Five years into his stewardship of LACMA, having just signed a contract for five more, Govan, 47, has transformed the museum and its reputation. He has overseen the completion of two sleek new exhibition halls by renowned Italian architect Renzo Piano, grown the collection by about 12,000 objects and helped boost annual attendance by some 40%.

But LACMA also has transformed Govan. When he arrived at LACMA, some viewed him rather reductively as an empire builder: the ambitious, fast-talking protege of his onetime boss Thomas Krens, the controversial Guggenheim Museum director known for trying to go global by opening branches around the world. But by now it's clear that Govan's vision for LACMA is not just to make it bigger and better a la Krens.

It's a museum offering a little something for everyone: art from many centuries inside the galleries and a mix of architectural styles and large-scale artworks like the Heizer outdoors. He has made a point of partnering with other nonprofits in the L.A. film community, art world and beyond, and sees LACMA as an anchor — geographically and also intellectually — for the region's growing cultural community. These days, he is constructing alliances as well as buildings.
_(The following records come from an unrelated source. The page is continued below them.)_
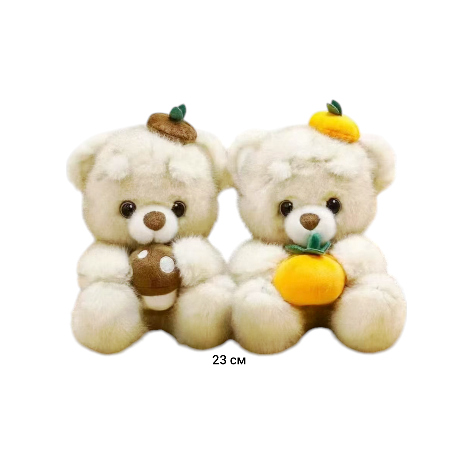 им Медведь арт. 209440 Светлый сидит в шляпке с фруктом 23 см в пак.
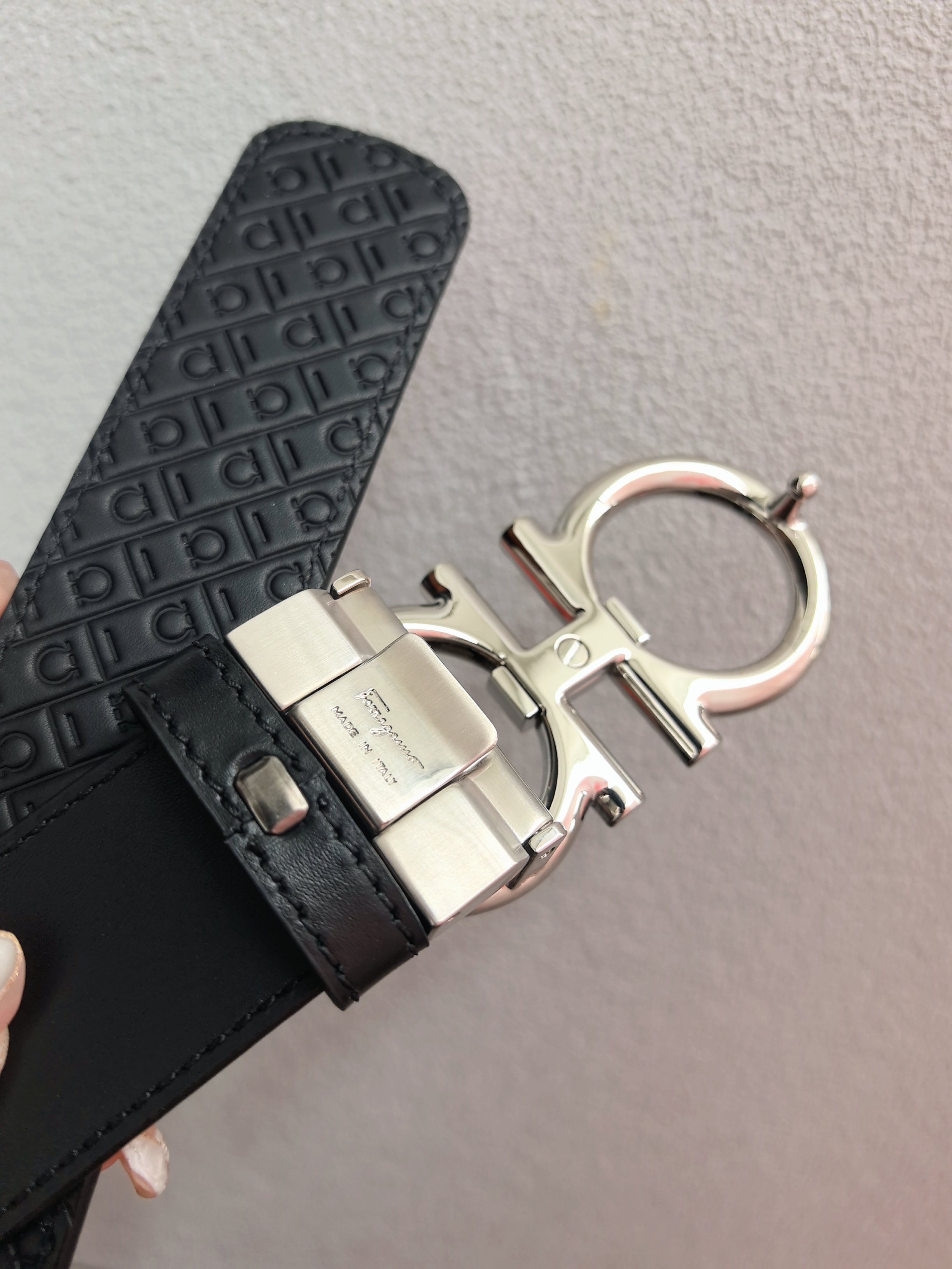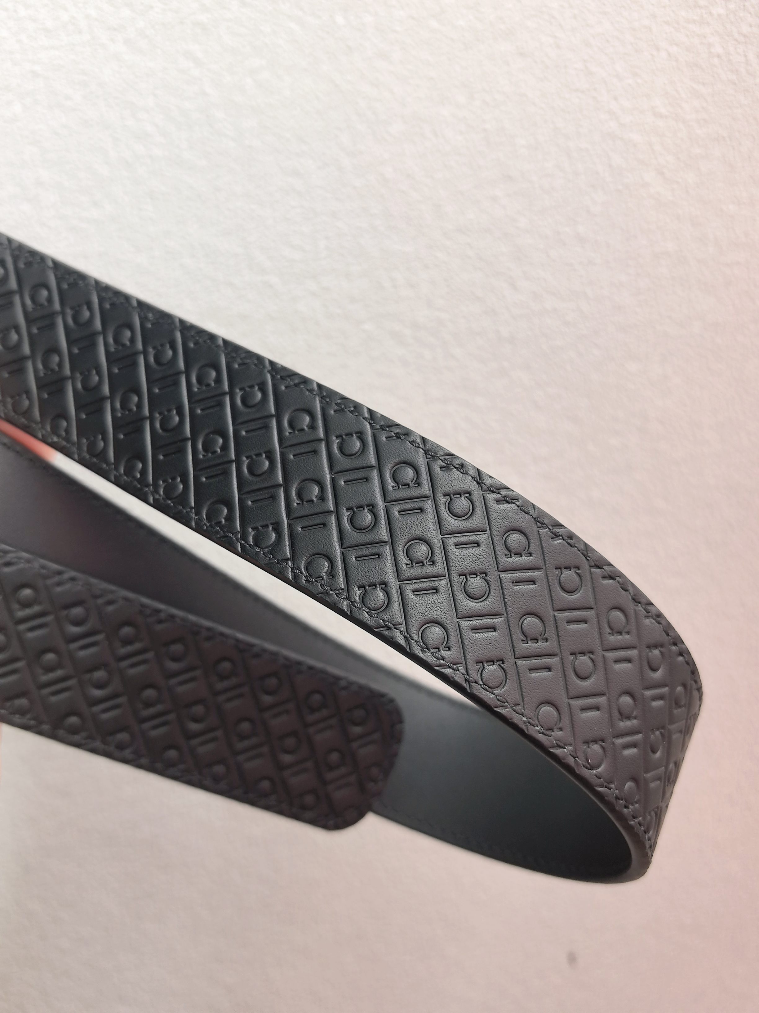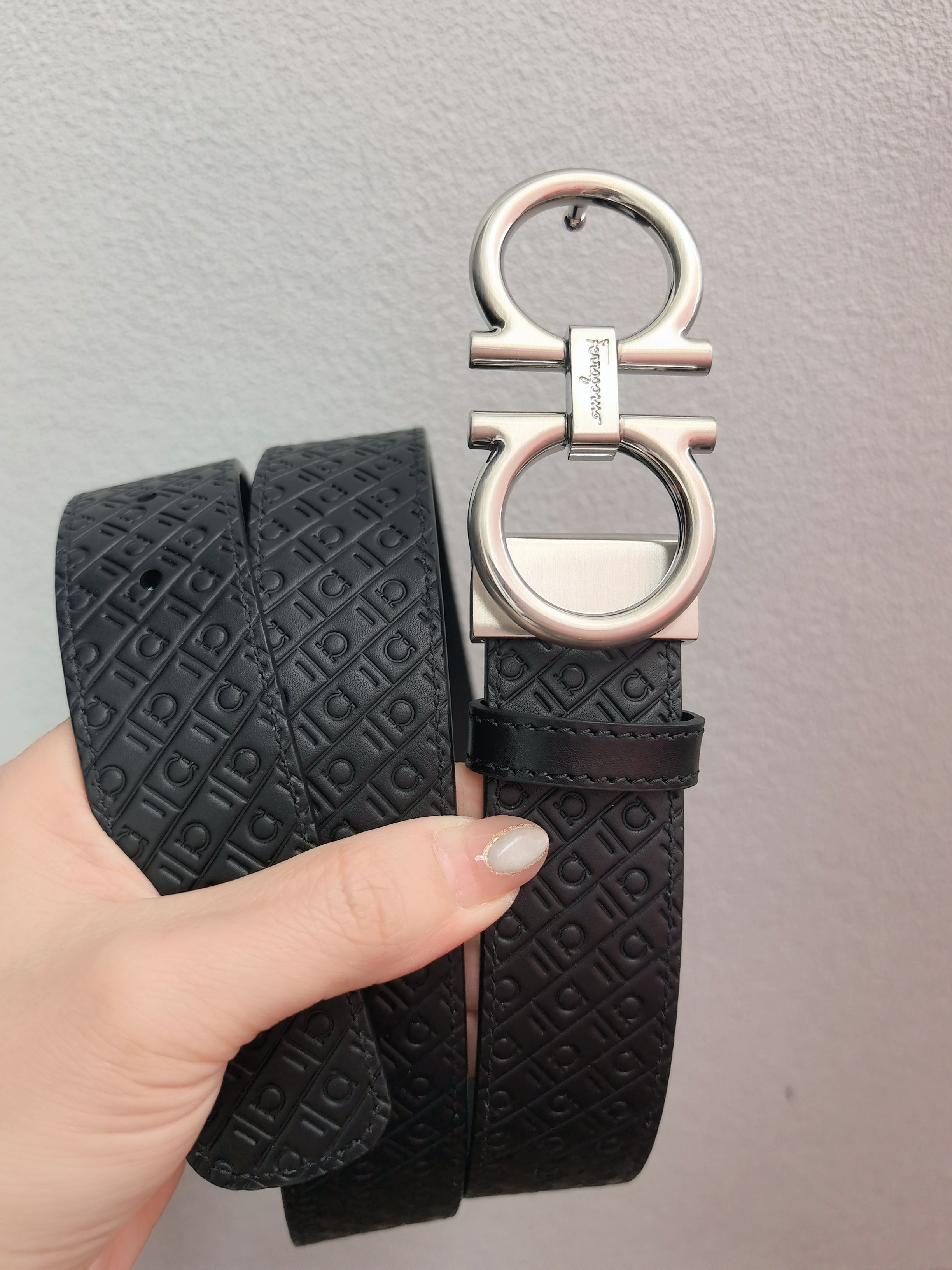 This belt has an elegant style, featuring a rectangular buckle adorned with a small Gancini. It is designed with two sides: one side is made of hammered texture material, while the other side is embossed with an all-over Gancini pattern, exuding a classic charm in a subtle way. The length is adjustable, providing a tailored and slimming effect. 3.5 wide
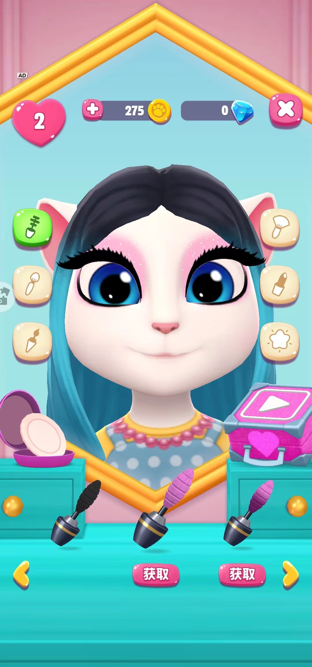 换上好看的衣服后,别忘了给安吉拉化妆哦。眼影,眼线,睫毛膏,腮红,口红,粉底液应有尽有,让安吉拉瞬间化身最美的明星。
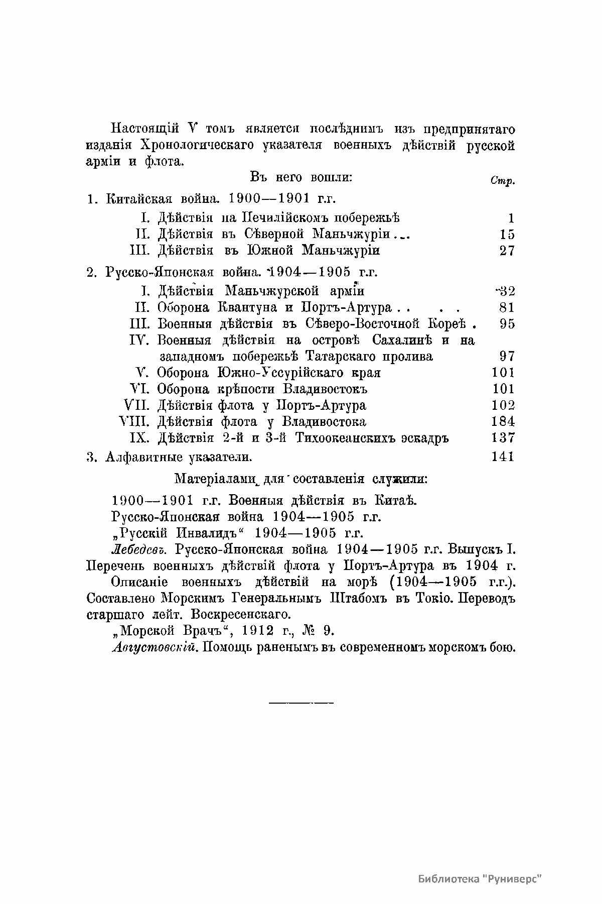Хронологический указатель военных действий русской армии и флота. Том V. 1900-1905 гг.
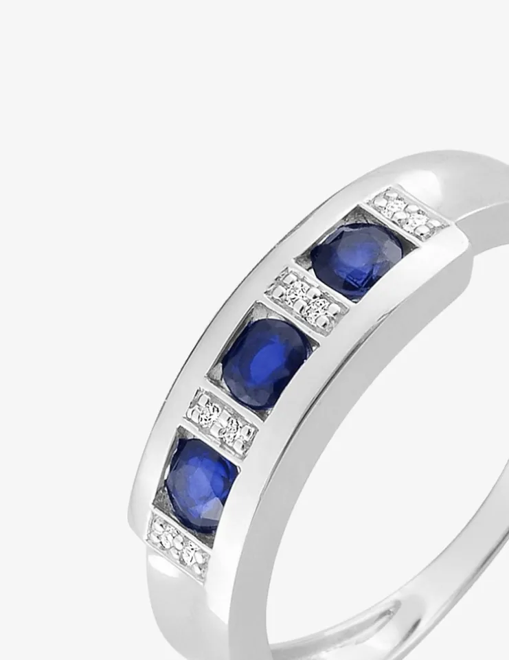 Bague or blanc 375‰ (9 carats) accompagnée de 3 saphirs de forme ronde pour un poids moyen de 0,51 ct, et accompagnés d’oxydes de zirconium. Cette bague a un poids moyen d’or de 1,85 g et vous est aussi proposée sertie d’émeraudes.Un bijou aux lignes résolument modernes et créatives.

"LACMA by its nature could be a great collaborator. We're in the middle of things, we're multidisciplinary, we're multicultural, we're a general art museum," Govan says, "so by definition we can encompass almost everything culturally."

Govan is a "visionary" with a difference, says the artist Jeff Koons, describing realpolitik skills that help the museum leader adapt to economic necessity. "He bridges the impractical and the practical — bringing these vast or grand gestures into the world through his understanding of institutions and the support of businesspeople."

Those skills also are evident in Govan's ability to bounce back from adversity. In what surely ranks as Govan's single biggest setback to date, LACMA's most generous and powerful donor, art patron and philanthropist Eli Broad, announced in 2008 that he would not, after funding a building in his name at LACMA, bequeath his billion-dollar art collection to the museum. Later that year, Broad rode to the rescue of the near-bankrupt downtown Museum of Contemporary Art with a $30-million pledge. Broad's dramatic gesture helped quash a proposal to merge MOCA into Govan's museum.